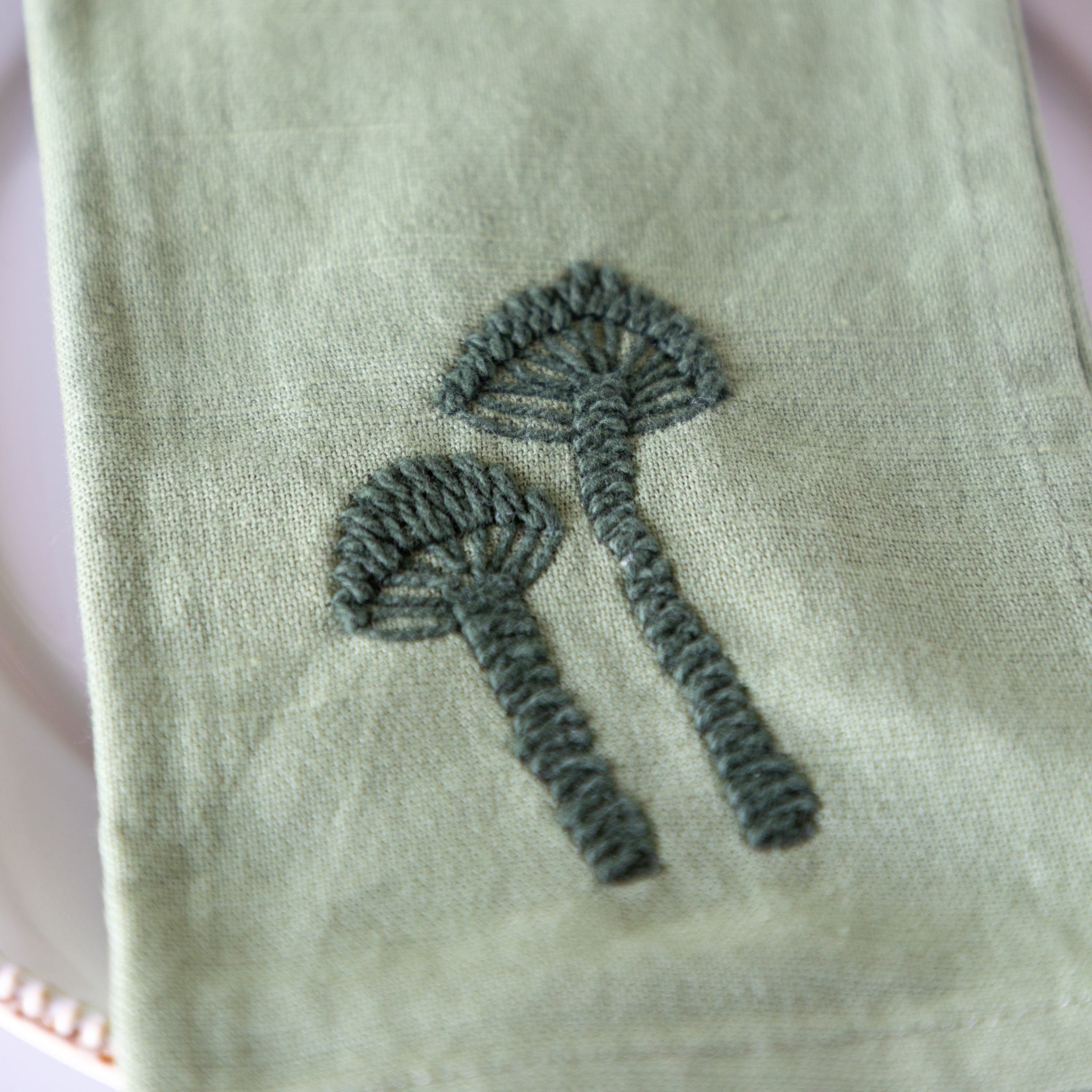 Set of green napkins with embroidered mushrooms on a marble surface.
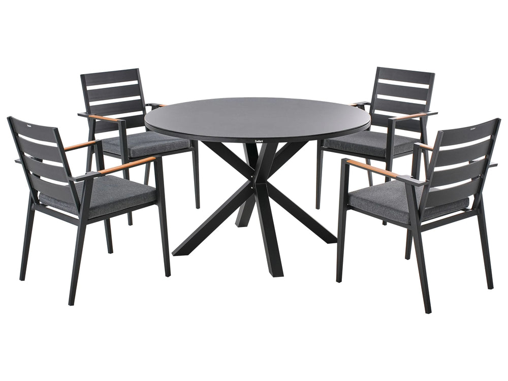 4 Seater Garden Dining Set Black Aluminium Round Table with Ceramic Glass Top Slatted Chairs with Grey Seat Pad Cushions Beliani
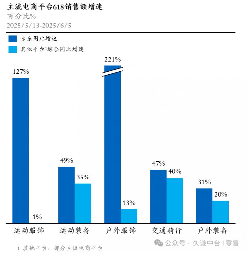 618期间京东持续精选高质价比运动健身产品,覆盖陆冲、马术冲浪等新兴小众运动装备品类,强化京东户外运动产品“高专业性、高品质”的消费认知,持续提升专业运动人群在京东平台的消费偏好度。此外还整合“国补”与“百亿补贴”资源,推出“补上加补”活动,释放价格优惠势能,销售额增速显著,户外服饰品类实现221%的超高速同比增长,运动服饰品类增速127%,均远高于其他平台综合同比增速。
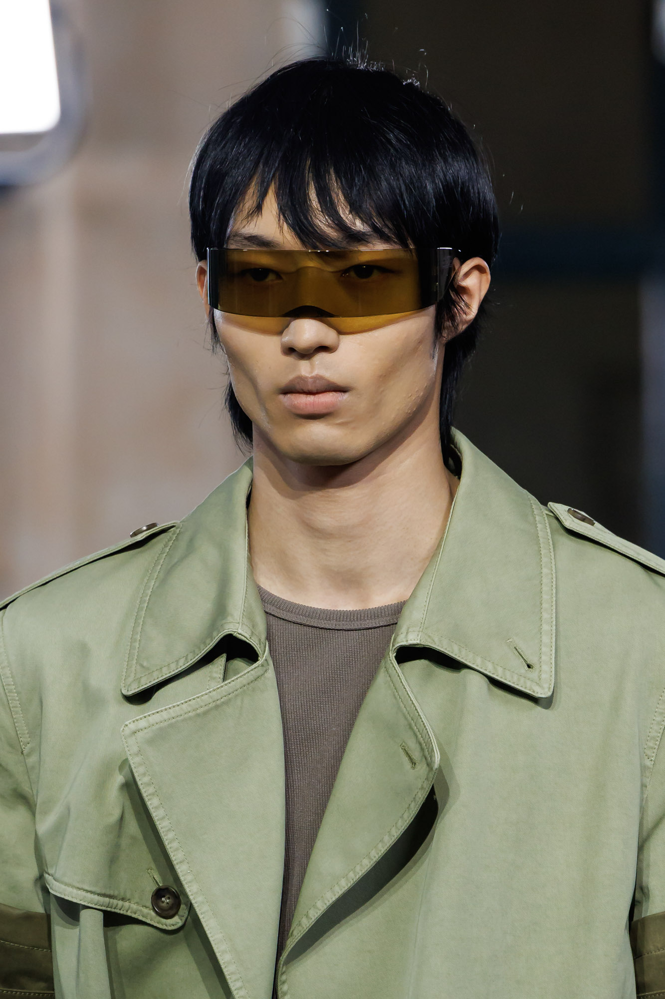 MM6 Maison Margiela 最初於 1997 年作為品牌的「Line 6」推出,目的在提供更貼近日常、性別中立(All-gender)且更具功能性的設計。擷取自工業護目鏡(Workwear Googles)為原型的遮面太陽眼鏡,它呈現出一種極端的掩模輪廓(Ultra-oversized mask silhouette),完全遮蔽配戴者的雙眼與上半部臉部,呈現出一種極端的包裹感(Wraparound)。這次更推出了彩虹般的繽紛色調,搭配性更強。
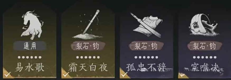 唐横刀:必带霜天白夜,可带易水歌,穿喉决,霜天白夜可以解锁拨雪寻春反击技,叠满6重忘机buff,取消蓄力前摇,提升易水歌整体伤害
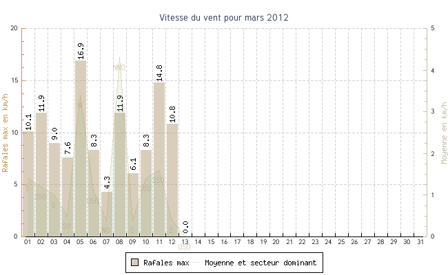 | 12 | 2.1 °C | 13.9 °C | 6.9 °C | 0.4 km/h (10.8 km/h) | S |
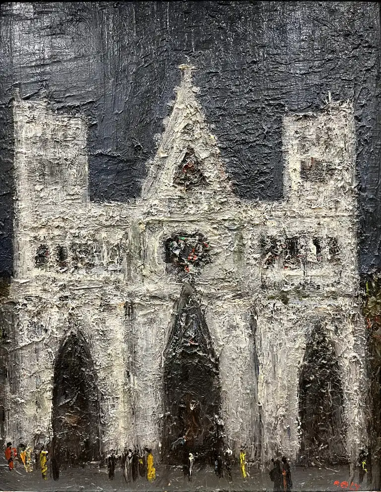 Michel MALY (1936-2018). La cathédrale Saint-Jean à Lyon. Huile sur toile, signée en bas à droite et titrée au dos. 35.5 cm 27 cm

---

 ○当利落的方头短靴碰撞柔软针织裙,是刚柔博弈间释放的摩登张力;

--

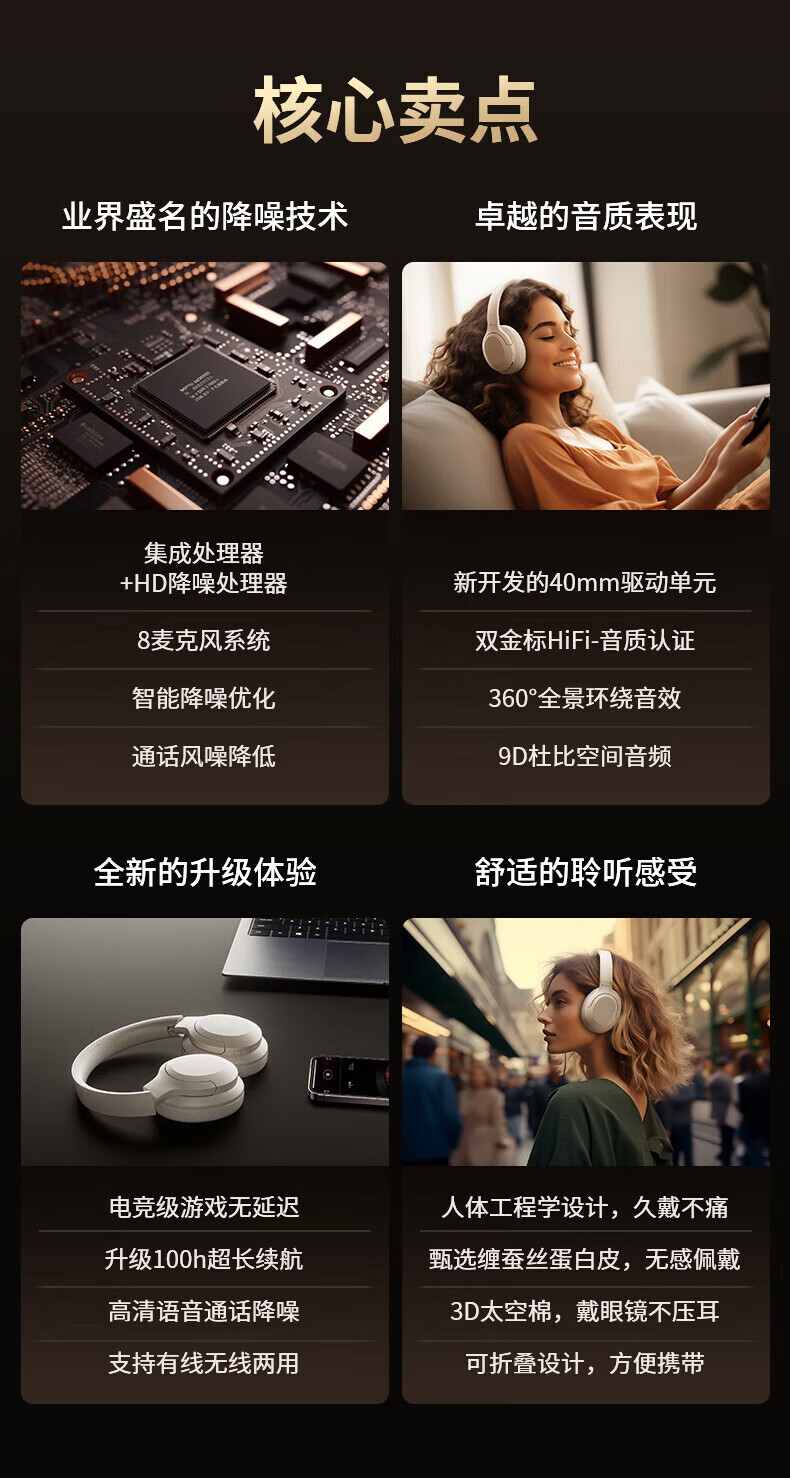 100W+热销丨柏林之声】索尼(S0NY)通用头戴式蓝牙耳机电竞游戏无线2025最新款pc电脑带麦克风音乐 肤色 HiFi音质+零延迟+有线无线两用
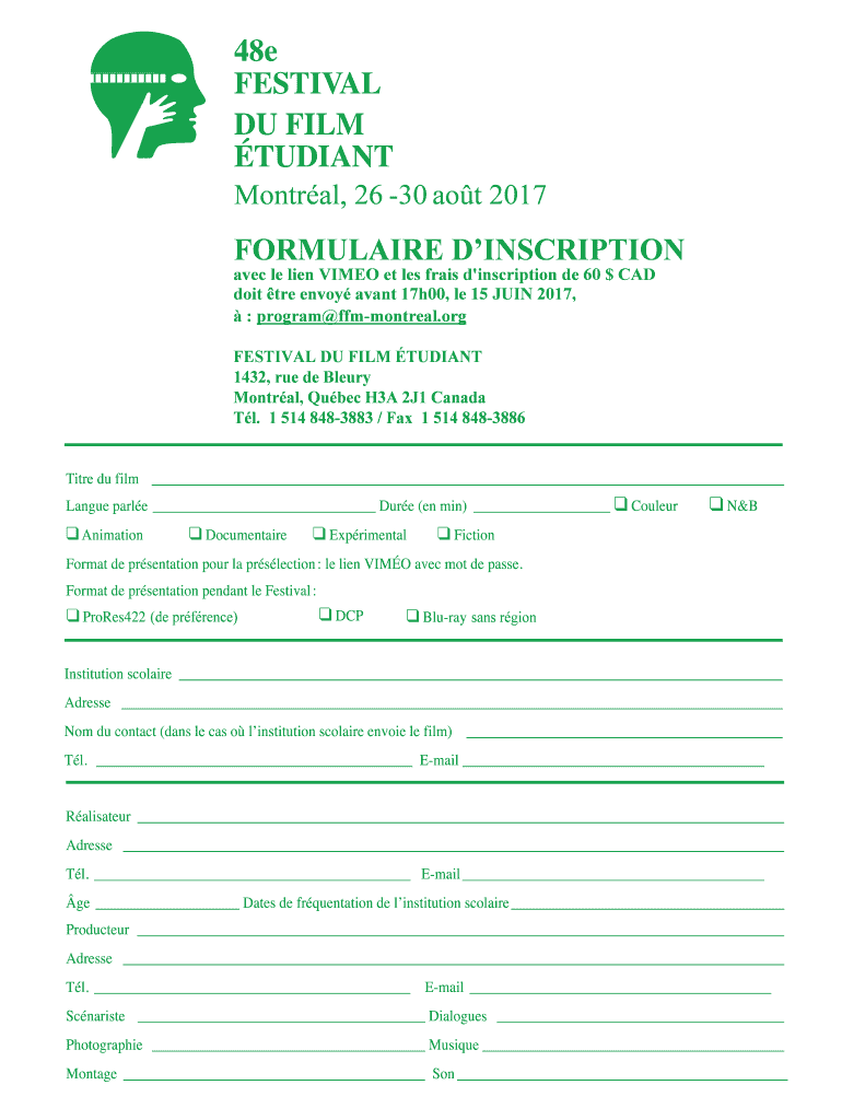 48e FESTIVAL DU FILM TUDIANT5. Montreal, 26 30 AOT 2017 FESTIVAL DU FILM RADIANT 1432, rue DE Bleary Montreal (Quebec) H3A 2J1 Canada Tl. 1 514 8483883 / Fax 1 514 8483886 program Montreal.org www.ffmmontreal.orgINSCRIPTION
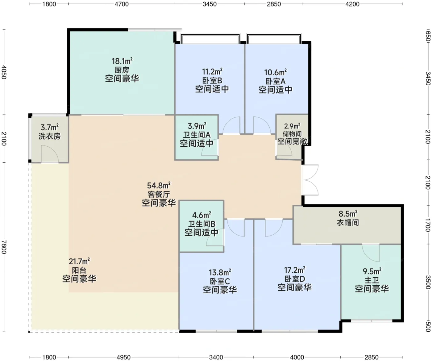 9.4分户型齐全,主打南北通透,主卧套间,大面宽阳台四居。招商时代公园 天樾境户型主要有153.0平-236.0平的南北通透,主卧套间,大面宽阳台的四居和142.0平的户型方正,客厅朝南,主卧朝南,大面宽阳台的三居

## Work instruction
Look above for the line with "Set of green" and the line with "4 Seater Garden"; set down those two lines and all lines between them exactly, without pictures and without anything else.

## Answer box
 Set of green napkins with embroidered mushrooms on a marble surface.
 4 Seater Garden Dining Set Black Aluminium Round Table with Ceramic Glass Top Slatted Chairs with Grey Seat Pad Cushions Beliani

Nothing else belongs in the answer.